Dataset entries
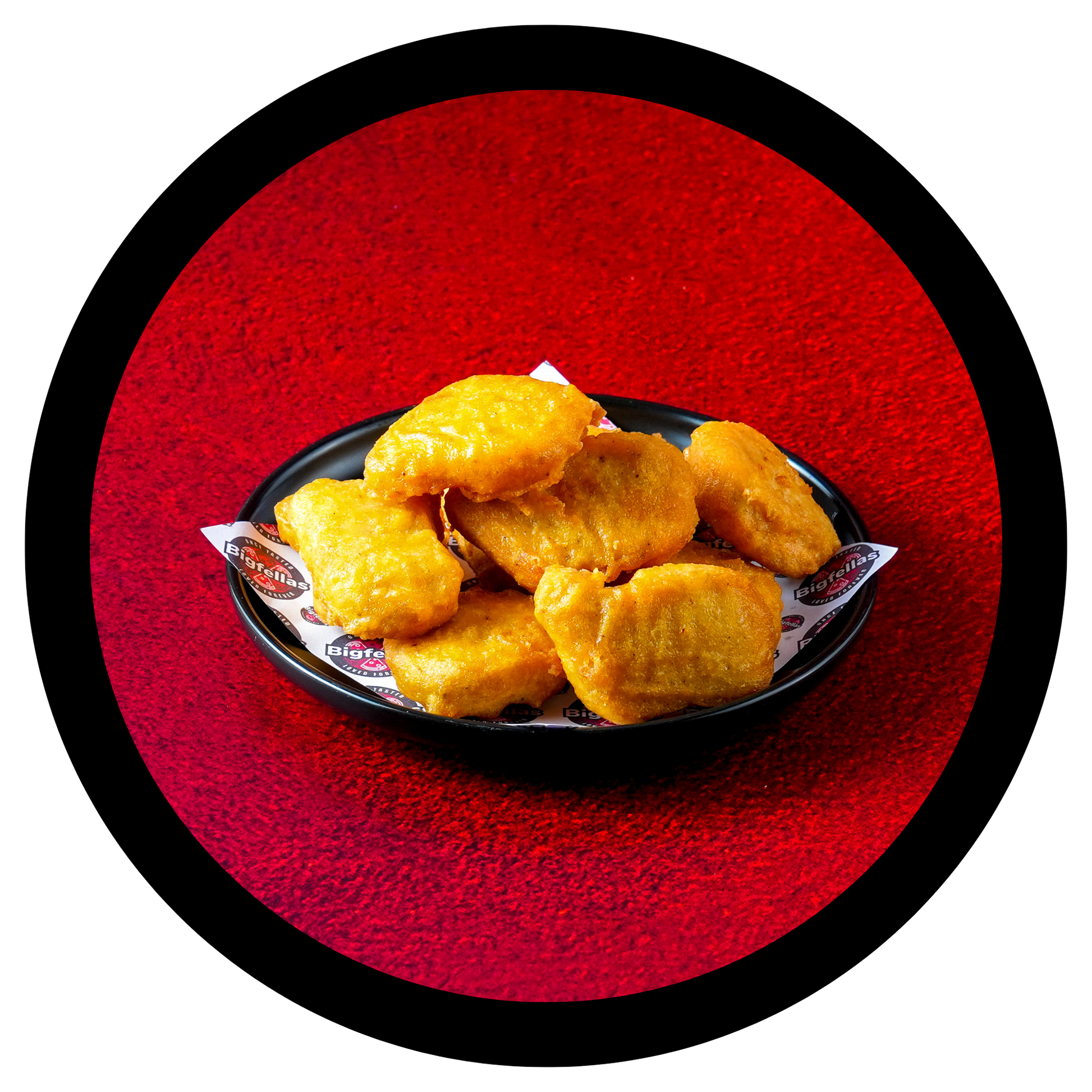 Nuggets. Chicken breast coated in golden batter served with fries.
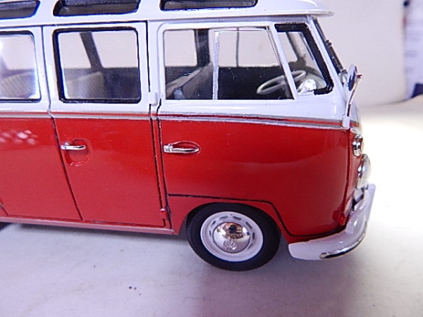 マイクロバスのキットになります。箱なし。ボディーはクレオスのホワイトとレッド使用。内装は適当に調合したグレーで筆塗です。屋根の帆の部分はガルグレーの筆塗です。当時のキットを途中まで作り今まで放棄していました。そのためデカールがかなり固まってきてしまい右ドア部残念ながら失敗し剥げました。あとから筆で書きました。(3枚目写真)材料費値上がりと失敗しましたが手間がかなりかかってしまった為、安価にはしません。その他の説明は必ず自己紹介欄をご覧ください。H27.8月完成。
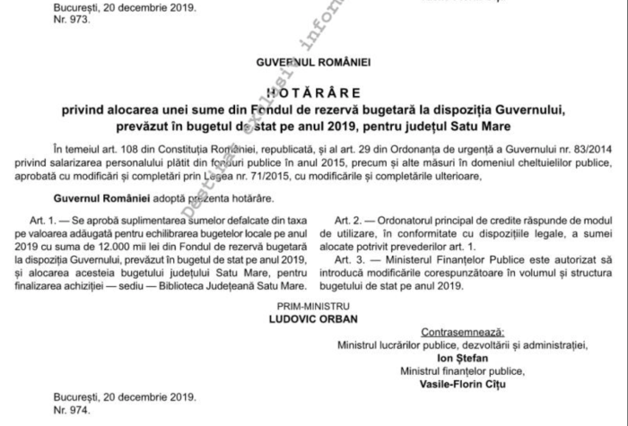 Proiectul de Hotărâre a trecut de Guvern și a fost publicat în monitorul Oficial. Hotărârea 973/20 decembrie 2019 arată însă că nu este vorba despre nicio investiție în ,,spital” ci despre ,,finalizarea achiziției” de pe piața privată a unui sediu pentru Biblioteca Județeană Satu Mare.
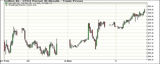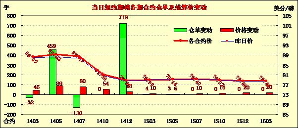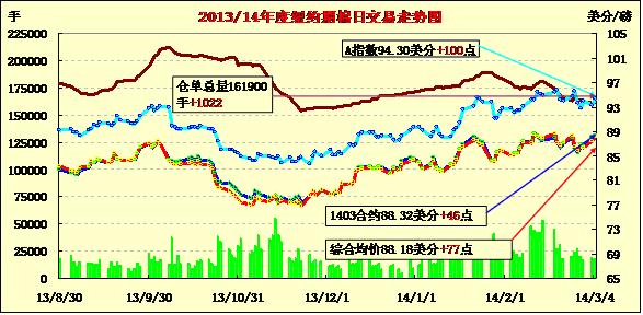 3月4日,受投機(jī)性買盤及外部市場(chǎng)和美股上漲帶動(dòng),紐約期棉繼續(xù)上漲。主力3月合約收于88.32美分/磅,漲46點(diǎn);5月合約結(jié)算價(jià)89.22美分/磅,漲89點(diǎn);1407月合約收于88.47美分/磅,漲80點(diǎn)。主力5月合約早盤漲幅一般,在89美分/磅以下震蕩向上,盤終前突破89美分收漲89點(diǎn);市場(chǎng)成交量一般。市場(chǎng)繼續(xù)等待中國(guó)方面發(fā)布棉花新政,導(dǎo)致棉花消息有限,抑制市場(chǎng)成交,美國(guó)道瓊斯指數(shù)大漲抵消前一日烏克蘭國(guó)內(nèi)危機(jī)負(fù)面消息影響;ICAC將2014/15年度全球期末庫(kù)存由此前預(yù)計(jì)的2081萬(wàn)噸調(diào)增至2084萬(wàn)噸。
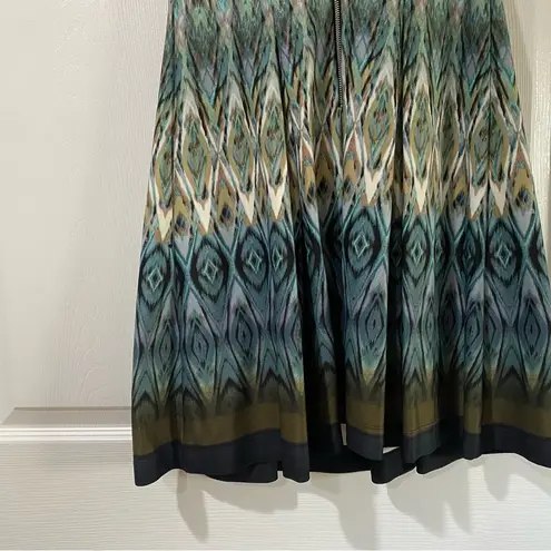 Stylish sleeveless dress with a geometric pattern. Features shades of green, blue, and black. Gabby Skye V-Neck Fit & Flare Teal Diamond Scuba Dress Sleeveless 6 In excellent pre owned condition make me a reasonable offer!
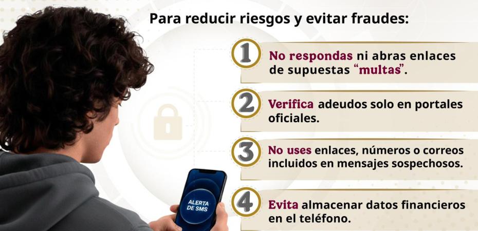 • No responder ni dar clic en enlaces recibidos por SMS relacionados con multas de tránsito.
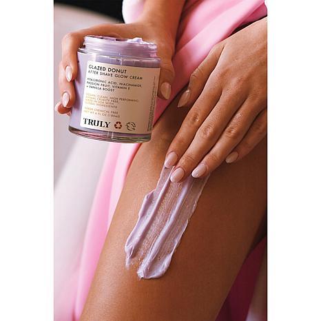 Truly Beauty Jumbo Size Glazed Donut After-Shave Body Cream What It Is Indulge in this luxe, lightweight body moisturizer that nourishes your skin with dewy hydration and leaves behind a tantalizing fragrance of sweet vanilla glaze, buttercream and toasted marshmallow. Formulated with niacinamide, hyaluronic acid and other key ingredients, it leaves skin looking gorgeously smooth and glowy, with continued use.  What You Get 12 fl. oz. Glazed Donut After-Shave Body Cream What It Does A luxe, lightweight body cream that is ideal for use after shaving Helps provide more plump, bouncy and glowy-looking skin, with continued use Contains moisturizers that help diminish the look of fine lines and wrinkles and plumps the look of skin with continued use Contains niacinamide, which has been known to help temporarily brighten the look of skin and improve the look of the skin complexion A decadent body cream with a sweet vanilla buttercream scent that is boosted with niacinamide, hyaluronic acid, vanilla fruit extract and passionfruit for gorgeously smooth and glowing-looking skin, with continued use
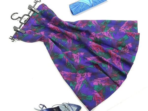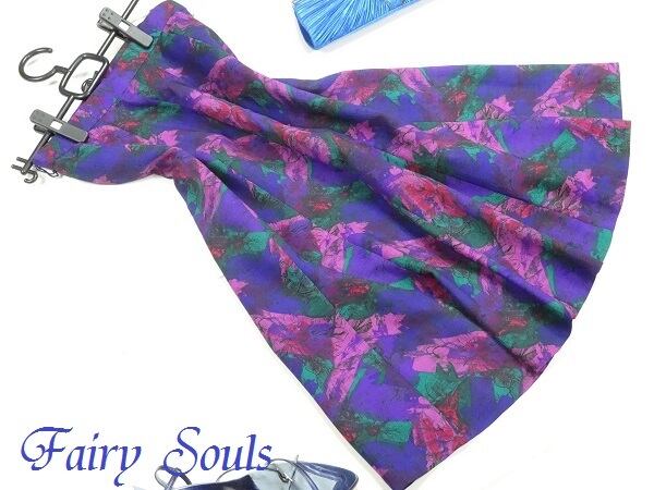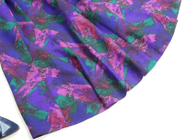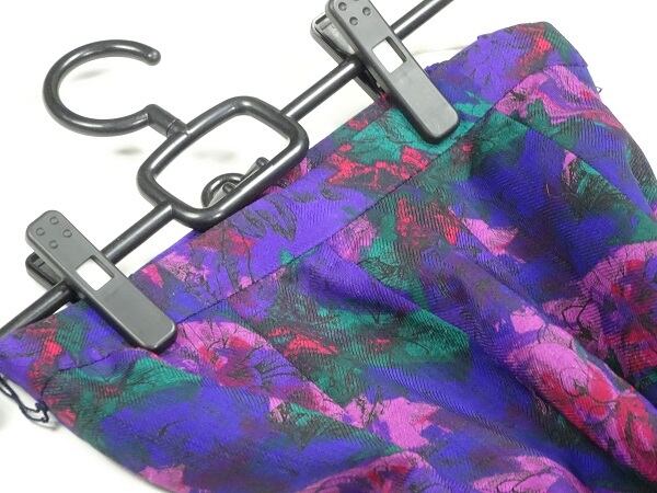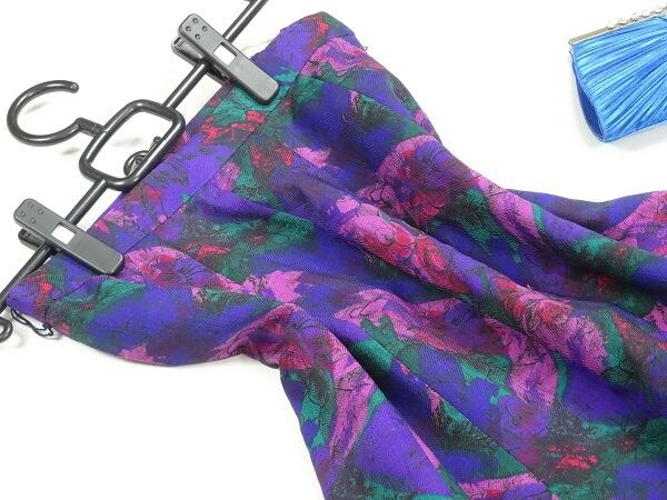 12枚はぎツイード地花模様のフレアスカ-ト 。12枚の布をつないだ緩やかなゆったりとしたフレアが、歩くたびにふんわりと揺れて上品な印象をあたえています。生地はツイード風でしっかりとしています。落ち着いた紫をベースに赤やピンク、緑といった原色で彩られた花柄情熱的な印象をプラス。ウエストは幅広ゴム仕様でサイズにゆとりがあります。左サイドファスナー。裏地付。

_TASK BRIEF:_ For the data above, return an exact copy that contains no pictures.

_REPLY TO THE EXERCISE:_
 Nuggets. Chicken breast coated in golden batter served with fries.
 マイクロバスのキットになります。箱なし。ボディーはクレオスのホワイトとレッド使用。内装は適当に調合したグレーで筆塗です。屋根の帆の部分はガルグレーの筆塗です。当時のキットを途中まで作り今まで放棄していました。そのためデカールがかなり固まってきてしまい右ドア部残念ながら失敗し剥げました。あとから筆で書きました。(3枚目写真)材料費値上がりと失敗しましたが手間がかなりかかってしまった為、安価にはしません。その他の説明は必ず自己紹介欄をご覧ください。H27.8月完成。
 Proiectul de Hotărâre a trecut de Guvern și a fost publicat în monitorul Oficial. Hotărârea 973/20 decembrie 2019 arată însă că nu este vorba despre nicio investiție în ,,spital” ci despre ,,finalizarea achiziției” de pe piața privată a unui sediu pentru Biblioteca Județeană Satu Mare.
 3月4日,受投機(jī)性買盤及外部市場(chǎng)和美股上漲帶動(dòng),紐約期棉繼續(xù)上漲。主力3月合約收于88.32美分/磅,漲46點(diǎn);5月合約結(jié)算價(jià)89.22美分/磅,漲89點(diǎn);1407月合約收于88.47美分/磅,漲80點(diǎn)。主力5月合約早盤漲幅一般,在89美分/磅以下震蕩向上,盤終前突破89美分收漲89點(diǎn);市場(chǎng)成交量一般。市場(chǎng)繼續(xù)等待中國(guó)方面發(fā)布棉花新政,導(dǎo)致棉花消息有限,抑制市場(chǎng)成交,美國(guó)道瓊斯指數(shù)大漲抵消前一日烏克蘭國(guó)內(nèi)危機(jī)負(fù)面消息影響;ICAC將2014/15年度全球期末庫(kù)存由此前預(yù)計(jì)的2081萬(wàn)噸調(diào)增至2084萬(wàn)噸。
 Stylish sleeveless dress with a geometric pattern. Features shades of green, blue, and black. Gabby Skye V-Neck Fit & Flare Teal Diamond Scuba Dress Sleeveless 6 In excellent pre owned condition make me a reasonable offer!
 • No responder ni dar clic en enlaces recibidos por SMS relacionados con multas de tránsito.
 Truly Beauty Jumbo Size Glazed Donut After-Shave Body Cream What It Is Indulge in this luxe, lightweight body moisturizer that nourishes your skin with dewy hydration and leaves behind a tantalizing fragrance of sweet vanilla glaze, buttercream and toasted marshmallow. Formulated with niacinamide, hyaluronic acid and other key ingredients, it leaves skin looking gorgeously smooth and glowy, with continued use.  What You Get 12 fl. oz. Glazed Donut After-Shave Body Cream What It Does A luxe, lightweight body cream that is ideal for use after shaving Helps provide more plump, bouncy and glowy-looking skin, with continued use Contains moisturizers that help diminish the look of fine lines and wrinkles and plumps the look of skin with continued use Contains niacinamide, which has been known to help temporarily brighten the look of skin and improve the look of the skin complexion A decadent body cream with a sweet vanilla buttercream scent that is boosted with niacinamide, hyaluronic acid, vanilla fruit extract and passionfruit for gorgeously smooth and glowing-looking skin, with continued use
 12枚はぎツイード地花模様のフレアスカ-ト 。12枚の布をつないだ緩やかなゆったりとしたフレアが、歩くたびにふんわりと揺れて上品な印象をあたえています。生地はツイード風でしっかりとしています。落ち着いた紫をベースに赤やピンク、緑といった原色で彩られた花柄情熱的な印象をプラス。ウエストは幅広ゴム仕様でサイズにゆとりがあります。左サイドファスナー。裏地付。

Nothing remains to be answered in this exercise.